Andy Becker, embattled commissioner of the AEC, said years ago that he “fell into” the role of managing elections. For someone so lacking in motivation, he has done quite well for himself.

Since starting out as a returning officer in South Australia in 1967 Becker rose though the ranks to take the reigns of Australia’s most important democratic watchdog and become one of the country’s most controversial bureaucrats.

Becker first stumbled into the media spotlight in 1997 when he was backed for the job of AEC deputy commissioner by Liberal Senator and SA state director Nick Minchin, now Finance Minister and a close political ally of John Howard. It was a case of Howard finding jobs for the boys, wrote former NSW Auditor-General Tony Harris:

In 1997, Senator Nick Minchin supported the head of the State Electoral Office in South Australia, Andy Becker, for appointment as Deputy Commissioner of the AEC. Minchin got on well with Becker, whom he had known since his term as head of the Liberal Party directorate in the 1980s. The selection committee for the job, however, advised that Becker was unsuitable.
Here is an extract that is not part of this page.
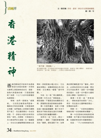 %u6587%uff1a%u9673%u9752%u6953 %u4f5c%u5bb6%u3001%u756b%u5bb6%u3001%u5999%u6cd5%u5bfa%u6587%u6559%u767c%u5c55%u7e3d%u76e3%u5716%uff1a%u9673%u4e00%u5e74%u9999%u6e2f%u7cbe%u795e%u300c%u526a%u4e0d%u65b7%u3001%u7406%u9084%u4e82%uff01%u300d%u6b64%u70ba%u651d%u5f71%u5bb6%u9673%u4e00%u5e74%u5728%u9326%u7530%u6c34%u5c3e%u6751%u62cd%u651d%u7684%u8001%u6995%u6a39%uff0c%u4ed6%u7a31%u70ba%u300a%u96e3%u5206%u96e3%u89e3%u300b%uff0c%u5012%u6559%u7b46%u8005%u60f3%u8d77%u90a3%u53e5%u300c%u526a%u4e0d%u65b7%u3001%u7406%u9084%u4e82%uff01%u300d%u5b83%u5e36%u7d66%u4eba%u7121%u9650%u7684%u6ec4%u6851%u611f%u3002 %u9999%u6e2f%u56de%u6b78%u5f8c%u628a%u6d0b%u7d2b%u834a%u4f5c%u70ba%u9999%u6e2f%u7279%u5225%u884c%u653f%u5340%u7684%u5340%u5fbd%u3002%u6d0b%u7d2b%u834a%u4e5f%u7b97%u5f97%u4e0a%u5177%u9999%u6e2f%u7279%u8272%u7684%u82b1%uff0c%u90a3%u9ebc%uff0c%u80fd%u5920%u4ee3%u8868%u9999%u6e2f%u7684%u6a39%uff0c%u53c8%u662f%u751a%u9ebc%u6a39%u5462%uff1f%u6211%u60f3%uff0c%u5341%u4e4b%u516b%u4e5d%u7684%u5e02%u6c11%u90fd%u6703%u8a8d%u70ba%u662f%u6995%u6a39%u3002%u6995%u6a39%uff0c%u6211%u5011%u4e00%u822c%u7a31%u70ba%u300c%u7d30%u8449%u6995%u300d%uff0c%u5b83%u7684%u800c%u4e14%u78ba%u662f%u6211%u5011%u9999%u6e2f%u4e00%u7a2e%u5177%u5730%u65b9%u7279%u8272%u7684%u6a39%u7a2e%uff0c%u5b83%u662f%u9999%u6e2f%u539f%u751f%u7269%u7a2e%u3002%u6211%u5011%u5dba%u5357%u4eba%u5c0d%u6995%u6a39%u53ef%u8b02%u719f%u6089%u4e0d%u904e%u4e86%uff0c%u800c%u4e14%u9084%u5f88%u89aa%u5207%u3002%u4f60%u8d70%u5230%u90ca%u5340%uff0c%u4e0d%uff0c%u5373%u4f7f%u5728%u5e02%u5340%u5167%u4ea6%u5e38%u898b%u5230%u751a%u6709%u300c%u500b%u6027%u300d%u7684%u6995%u6a39%uff0c%u5b83%u5014%u5f37%u7684%u751f%u547d%u529b%u6559%u6211%u5011%u597d%u751f%u611f%u52d5%u3002%u5728%u4e00%u5e45%u7246%u58c1%u4e0a%uff0c%u4f60%u5f80%u5f80%u5728%u7f45%u7e2b%u9593%u770b%u5230%u6995%u6a39%u751f%u9577%u958b%u4f86%uff1b%u5373%u4f7f%u662f%u6975%u5c11%u6975%u5c11%u6ce5%u571f%uff0c%u5b83%u4e5f%u6703%u5ef6%u4f38%u958b%u53bb%u3002%u9019%u7a2e%u5177%u5805%u5f37%u751f%u547d%u529b%u7684%u6995%u6a39%uff0c%u5f80%u5f80%u69cb%u6210%u4e00%u5e45%u5e45%u300c%u90fd%u5e02%u5947%u89c0%u300d%u3002%u5e74%u524d%uff0c%u5728%u4e00%u500b%u300c%u9ed1%u767d%u651d%u5f71%u5c55%u300d%u770b%u5230%u9673%u4e00%u5e74%u5148%u751f%u7684%u300c%u6995%u6a39%u7d44%u66f2%u300d%uff0c%u9817%u53d7%u611f%u52d5%u3002%u4e0d%u50c5%u662f%u56e0%u70ba%u4ed6%u651d%u5f71%u6280%u5de7%u9ad8%uff0c%u66f4%u91cd%u8981%u7684%u662f%u4ed6%u5c0d%u6995%u6a39%u7684%u611f%u60c5%u3002%u9673%u4e00%u5e74%u662f%u543e%u756b%u53cb%uff0c%u4ed6%u662f%u300a%u4e2d%u570b%u65c5%u904a%u300b%u96dc%u8a8c%u526f%u7e3d%u7de8%u8f2f%uff0c%u6578%u5341%u5e74%u4f86%u4e0d%u50c5%u5b5c%u5b5c%u4e0d%u5026%u5730%u57cb%u9996%u5728%u9019%u4efd%u520a%u7269%u88cf%uff0c%u4e5f%u540c%u6642%u6c89%u6d78%u65bc%u7e6a%u756b%u8207%u651d%u5f71%u3002%u6211%u5e38%u5411%u4e00%u4e9b%u300c%u62cd%u53cb%u300d%u63d0%u51fa%u4e00%u500b%u554f%u984c%u2014%u651d%u5f71%uff0c%u4e0d%u50c5%u662f%u62ff%u7740%u76f8%u6a5f%u898b%u5230%u300c%u975a%u666f%u300d%u4fbf%u5feb%u901f%u5f71%u4e0b%u4f86%uff1b%u5982%u679c%u771f%u7684%u8981%u628a%u651d%u5f71%u63d0%u5347%u5230%u300c%u85dd%u8853%u300d%u5169%u5b57%u53bb%uff0c%u5fc5%u9808%u6709%u597d%u597d%u7684%u6587%u5316%u5e95%u860a%uff0c%u8981%u5f9e%u6587%u5316%u5167%u6db5%u53bb%u8981%u6c42%u3002%u9019%u662f%u4e00%u5207%u4e2d%u570b%u85dd%u8853%u7684%u57fa%u672c%uff0c%u4e5f%u662f%u4e00%u5207%u4e2d%u570b%u6587%u5316%u85dd%u8853%u7684%u6838%u5fc3%u50f9%u503c%uff08%u5305%u62ec%u4f5b%u6587%u5316%uff09%u3002%u770b%u9673%u4e00%u5e74%u90a3%u4e00%u7d44%u300c%u6995%u6a39%u7d44%u66f2%u300d%uff0c%u4fbf%u7d66%u6211%u5f37%u70c8%u5730%u60f3%u5230%u300c%u6587%u5316%u300d%u5169%u5b57%uff0c%u800c%u4e14%u9019%u6587%u5316%u9084%u5e36%u7740%u5c0d%u6b77%u53f2%u3001%u5c0d%u50b3%u7d71%u7684%u8ffd%u601d%u3002%u554f%u9673%u4e00%u5e74%uff1a%u300c%u4f60%u662f%u7279%u5225%u559c%u6b61%u62cd%u6995%u6a39%u7684%u55ce%uff1f%u4f60%u5c0d%u6995%u6a39%u60c5%u6709%u7368%u937e%uff1f%u300d%u9673%u4e00%u5e74%u5c0d%u9999%u6e2f%u7684%u6995%u6a39%u771f%u662f%u60c5%u6709%u7368%u937e%uff0c%u4ed6%u4e0d%u50c5%u5728%u5e02%u5340%u8857%u982d%u5df7%u5c3e%u62cd%u651d%uff0c%u4ed6%u9084%u7d93%u5e38%u5230%u90ca%u5916%u8207%u96e2%u5cf6%u5c0b%u8a2a%u3002%u4ed6%u8aaa%uff1a%u300c%u4e0d%u5c11%u8001%u6995%u6a39%u90fd%u6709%u898b34 // Buddhist in Hong Kong . June 2024
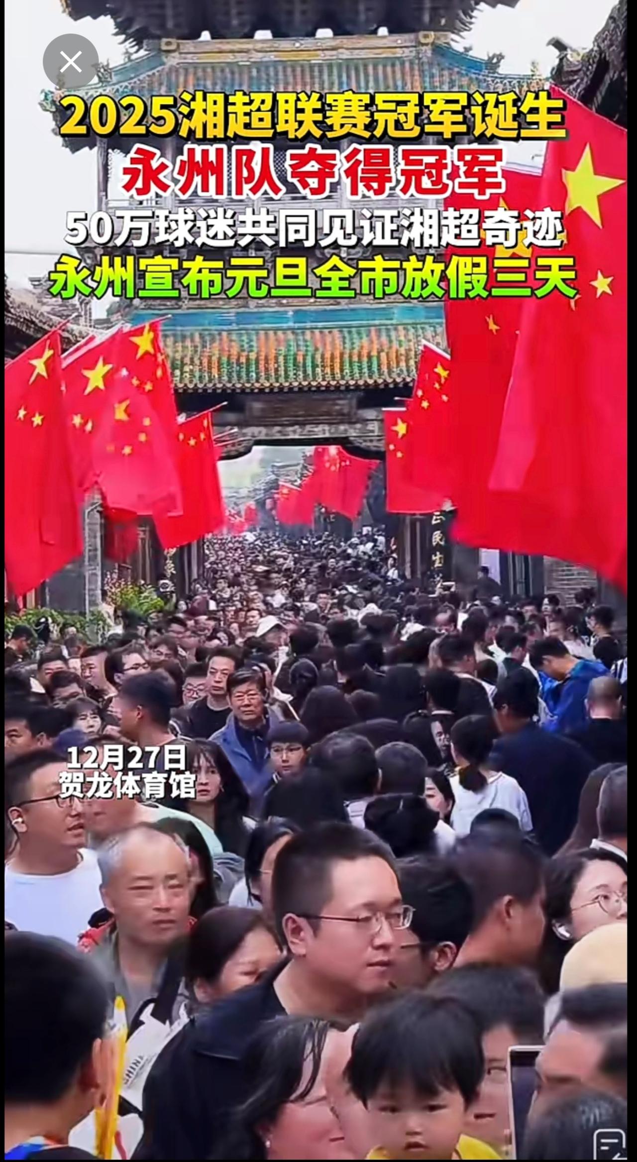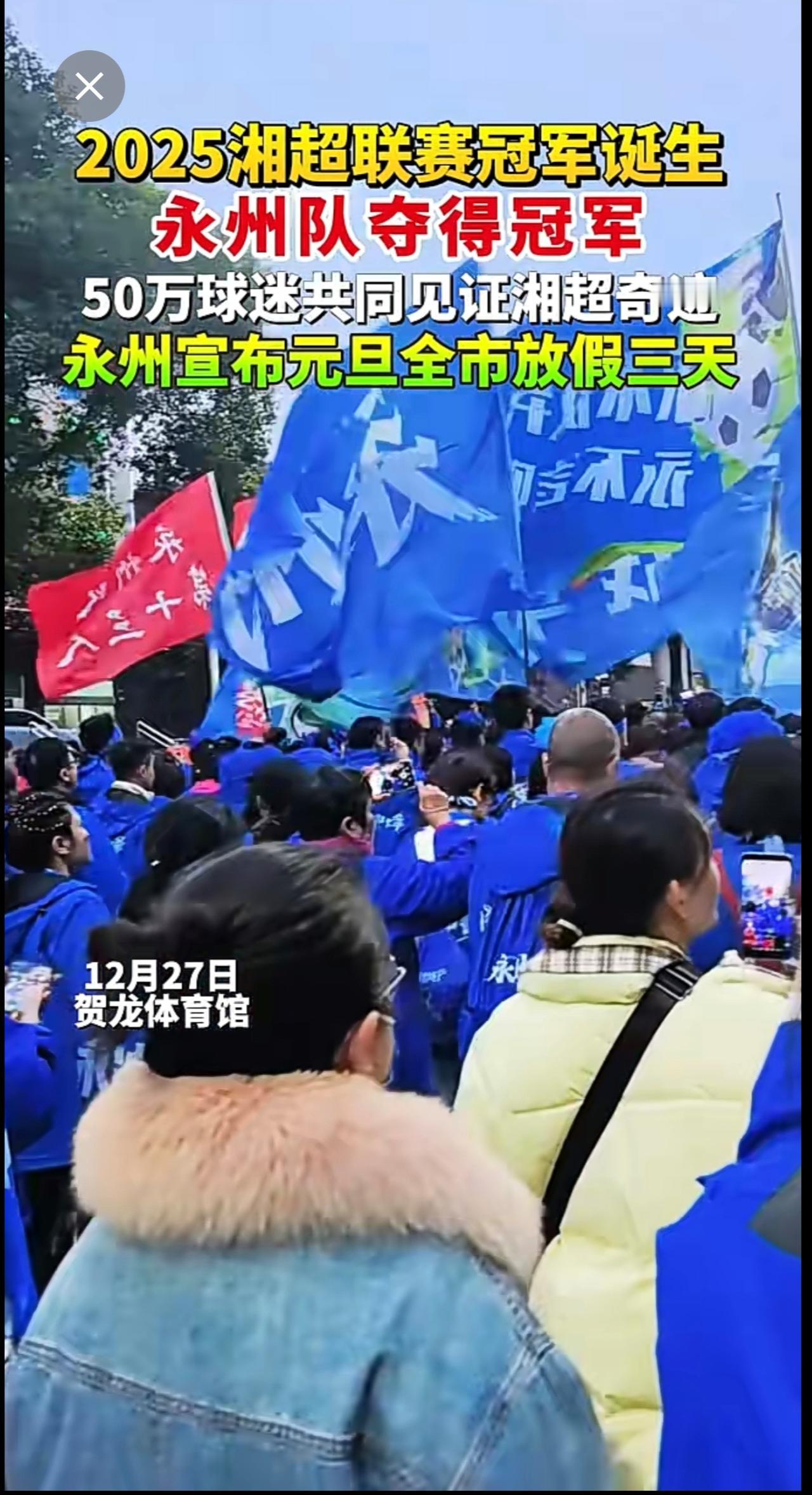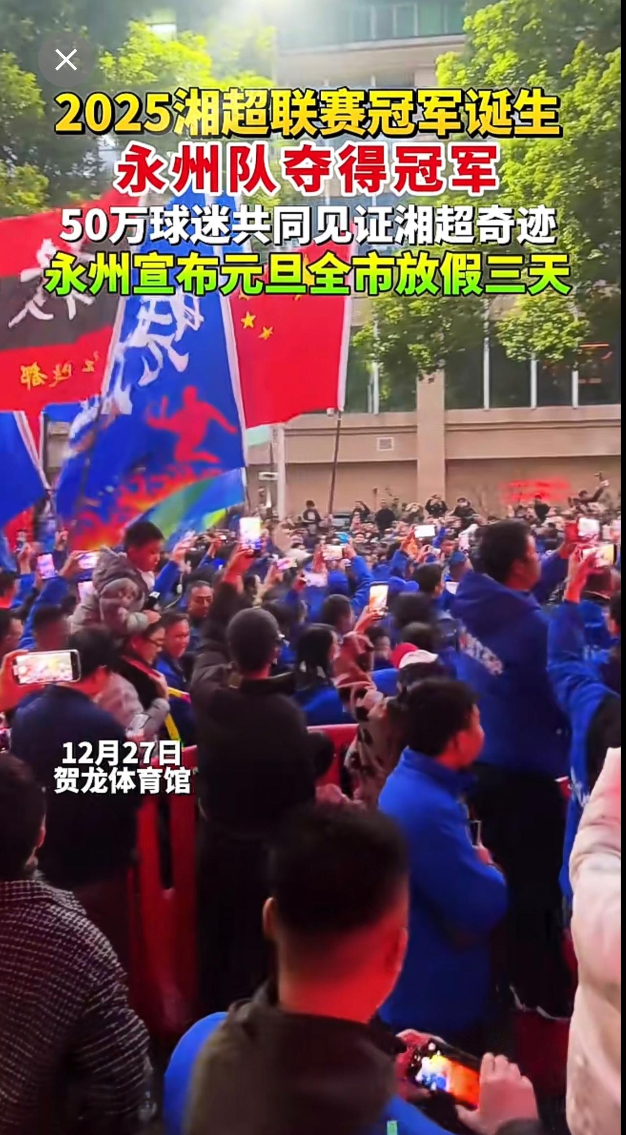 2025年12月27日,湘超足球联赛冠军诞生!永州队夺得首届冠军!国际足联主席第一时间向永州送来祝贺!湘超总冠军 2025湘超联赛 湘超

The selection committee was overruled and Becker got the job. In February 2000, with the retirement of Bill Gray, Becker was promoted to Commissioner of the AEC. His swift rise through the ranks did not go unnoticed in Parliament. In June 2000 Alan Ramsey wrote in the Sydney Morning Herald:

And on March 16, Bob McMullan, a member of Kim Beazley’s Opposition frontbench, asked the Prime Minister in Parliament: “Can the Prime Minister explain why Cabinet appointed a new head of the Australian Electoral Commission [AEC] when the evaluation panel assessed him as ‘not recommended for the position’? Can the Prime Minister confirm this applicant was evaluated at an earlier time as ‘not recommended for the position of deputy commissioner of the AEC’, yet despite this he still got the job?

In appointing this individual to the vital position of Australian Electoral Commissioner, what extra insights did Cabinet have available to it that were not available to the evaluation panel that is, the secretary of the Department of Finance and Administration, Dr Peter Boxall, the Public Service Commissioner, Ms Helen Williams, and Mr Ian Dixon, the former electoral commissioner for NSW?

Howard’s reply: “I can inform the manager of Opposition business that appropriate procedures are always followed with Cabinet appointments under my Government.”

Just two months after gaining the top job, on May 24, Becker hit some seriously stormy weather. It emerged at Senate estimates committee hearings, after persistent questioning by Labor Senator Robert Ray, that Becker had agreed to hand over to the government an electronic electoral role to be used to send more than eight million personalised letters to voters about the new GST system. Alan Ramsey wrote in June 2000:

What set the hearing alight was when, 15 minutes into the questions, Ray asked if any government agency had asked the electoral office for an electronic version of the electoral roll and its 12 million names, along with birth dates and gender of every voter in the country, and Becker replied: “In the last few weeks? The Australian Taxation Office is one.” One of his officers added that the Tax Office had made its first request in March, and then, about April 20, asked for an “updated” version.

Did the Electoral Commission know what the Tax Office wanted to do with the roll? Yes, said one of Becker’s officers. And that was? “For a one-off mailing of ATO material to electors”, the officer read from a “safeguard agreement” between the Electoral Commission and the Tax Office.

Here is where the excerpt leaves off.